BART Police is among a few law enforcement agencies to still dispatch a uniformed officer to the scene of an auto burglary. The officer meets with the victim, attempts to locate witnesses, and examines the crime scene for evidence which includes processing the burglarized vehicle for latent fingerprints. “With many city police departments understaffed and busy with other priorities, auto burglary is often a crime that doesn’t warrant a visit from a police officer,” said BART Police Chief Kenton Rainey. “Victims are forced to file a report online or in person at the agency. At BART, our officers receive specialized fingerprinting and forensic training to better serve our riders who experience car break-ins at BART parking lots.”

In the past, when fingerprints were recovered, they would be sent to a county crime lab. Because of the backlog of more serious cases that have a higher priority, getting results back using this process was not timely and slowed down the investigation.

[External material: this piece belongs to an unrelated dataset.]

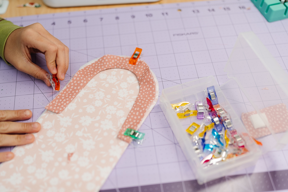 • The “Taco” Clip: Clip your floral Piece B rectangles to the curved edges of Piece A (over the trim).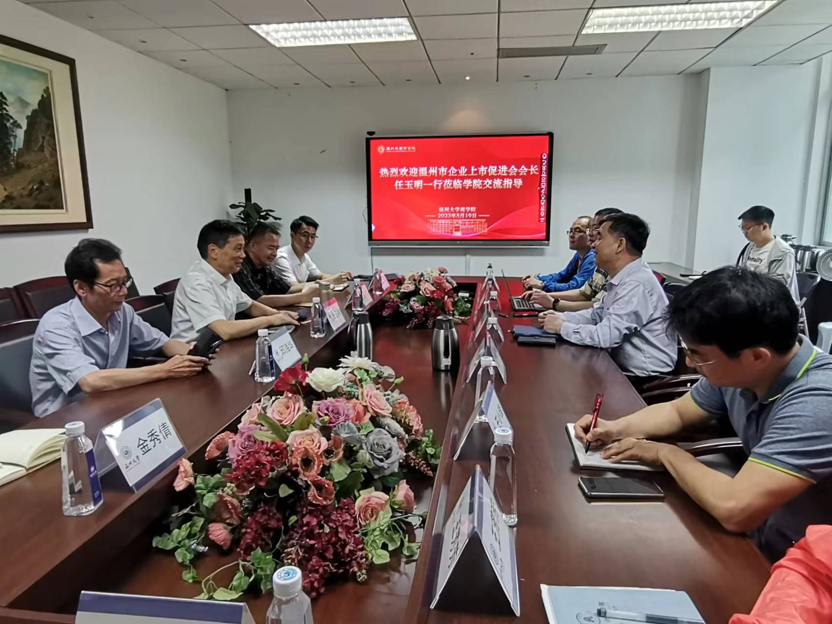 任玉明会长首先介绍了企业上市促进会的基本情况,他指出促进会长期以来承担着“为政府牵线搭桥,为企业推广宣传”的重任。针对当前温州本土上市公司数量缺少,企业普遍存在“不想上、不愿上、不敢上”的问题,促进会要协助政府、帮助企业,开展深入的调查研究。此行的目的,就是就上述问题进行讨论交流,听取学院各位专家老师的想法和建议。

To help expedite the identification process, BART Police contracted the services of a forensic specialist during the latter half of 2013. Now, recovered fingerprints that have evidentiary value are submitted to the specialist. “BART Police is now able to process forensic evidence in a matter of weeks versus months,” said Chief Rainey. “A quick turnaround can significantly aid in the apprehension of burglary suspects and possibly even the successful recovery of stolen property.”

BART Police patrol all of BART’s parking lots, which include 47,000 spaces systemwide. Last quarter there were 271 incidents of auto burglary reported by BART passengers. Recent parking fee increases have helped secure funding in the FY 15 budget for additional parking lot enforcement and patrols.